Development Blog on software and related things

Parallel batch media processing with FFmpeg and Python

A short summary:

  • A Python script for batch processing of media files

  • runs multiple FFmpeg jobs

  • takes a source directory, supports subfolders recursion

  • multi-pass processing, e.g. 3 times for each media file in a source dir

  • uses Python multiprocessing to leverage available CPU cores

  • shows continuous progress / percentage of media files processed

It started with a question. If a rainy November weekend is not a good time to finally do some basic organization of old vacation videos, when would it be then?

Half an hour later I realized that while overall things look hopeful, there was a common problem. Quite a few of the videos had really annoying audio noise in the background. Fixing manually with something like Audacity is no big deal, but how should you go about lots of various media files hiding out in numerous nested directories?

Clearly some more powerful tools were needed, such as FFmpeg, an all-rounder covering variety of media formats or SoX, a tool specifically dedicated to sound processing.

Initially the process looked like:

  • Detach audio stream from media into a separate file (FFmpeg)

  • Process the audio to remove noise (SoX)

  • Back in the original media, replace original audio with the de-noised version (FFmpeg)

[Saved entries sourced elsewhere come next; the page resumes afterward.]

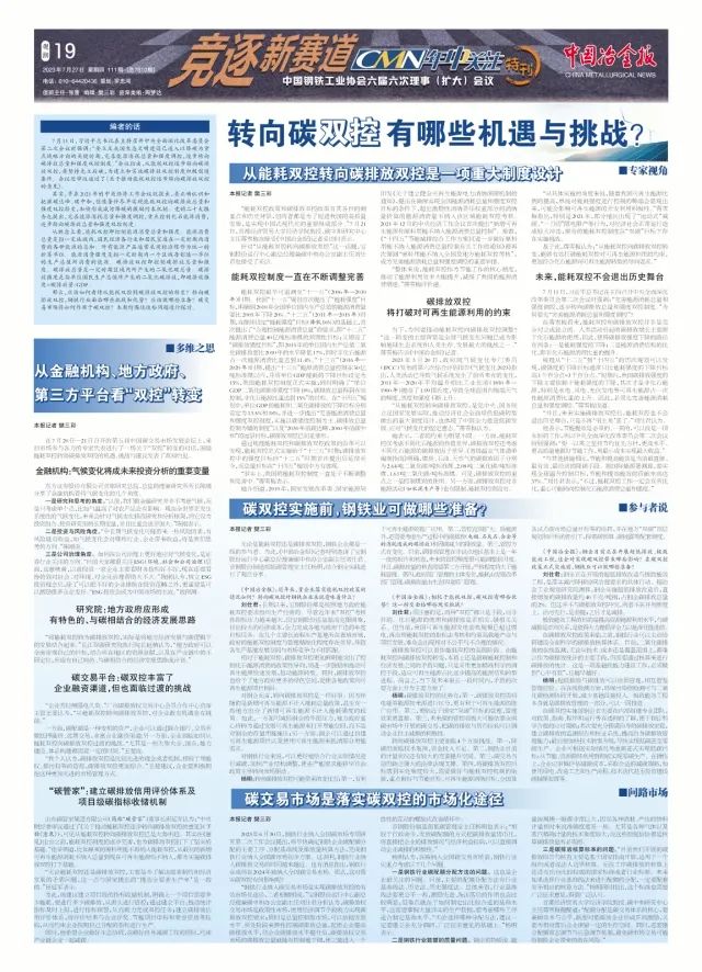 那na麼me,應ying該gai如ru何he看kan待dai從cong能neng耗hao雙shuang控kong到dao碳tan排pai放fang雙shuang控kong的de轉zhuan變bian?轉zhuan向xiang碳tan排pai放fang雙shuang控kong,鋼gang鐵tie行xing業ye麵mian臨lin哪na些xie挑tiao戰zhan和he優you勢shi?應ying該gai做zuo哪na些xie準zhun備bei?碳tan交jiao易yi市shi場chang將jiang如ru何he作zuo用yong於yu碳tan雙shuang控kong?本ben期qi特te圍wei繞rao這zhe些xie問wen題ti進jin行xing探tan討tao。
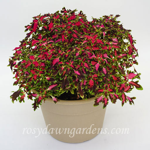 Terra Nova® 'Pink Poodle'is a self-branching Coleus with a low, dense habit. Height is 12", but the spread is double that! Very showy, hot pink leaves are edged in green and black. It is already a top seller in Japan, and we are happy to now offer it to our customers. Use in containers, baskets, urns, or border edges in part shade.
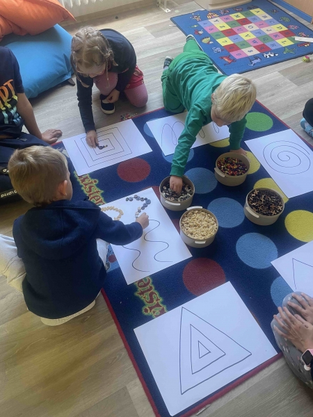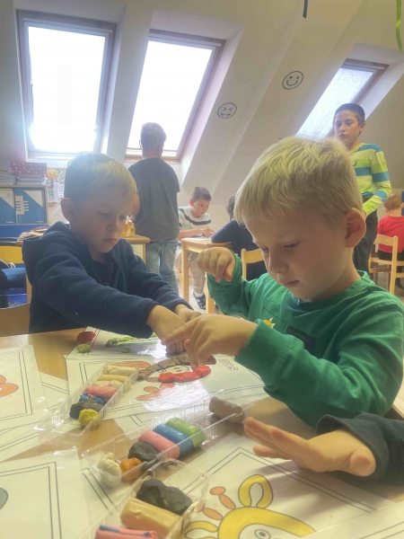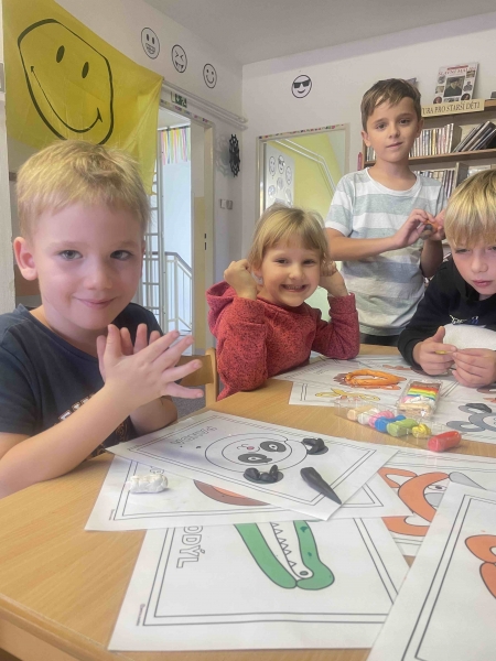 I v letošním školním roce pokračujeme v programu návštěv předškoláků v naší základní škole. Smyslem těchto setkání je usnadnit dětem přechod z mateřské školy do prostředí školy základní a podpořit jejich hladkou adaptaci. Úterní dopoledne 30.9. si pro budoucí školáky připravili program žáci 4. třídy. Na pěti stanovištích si předškoláci vyzkoušeli různé aktivity – procvičili si grafomotoriku a jemnou motoriku a naučili se i jednoduchou říkanku, která jim pomůže se správným úchopem tužky.

  • Automate with a simple script

  • Relax till all is done, then check results and declare victory

In reality a few things had to be adjusted. First off, while Sox noise processing produced some good results it also often ended up with undesired side effects – which In multiple cases were not much better than the original noise.

sox <1st_sec_of_audio_in> -n noiseprof | sox <audio_in> <audio_out> noisered - 0.2

This SoX command generates a DFT profile of the audio that then is fed to SoX ‘noisered’ filter. Works well for some cases, but unfortunately not as useful for an unattended batch run.

Uhmm. Time to get into base theory of noise? Constant noise and random noise. Broadband Noise, Hum, Rumble, Click and Crackle. Bark scale features and K-NN technique. K=3 and median over 5 consecutive frames. NOISEX-92 and….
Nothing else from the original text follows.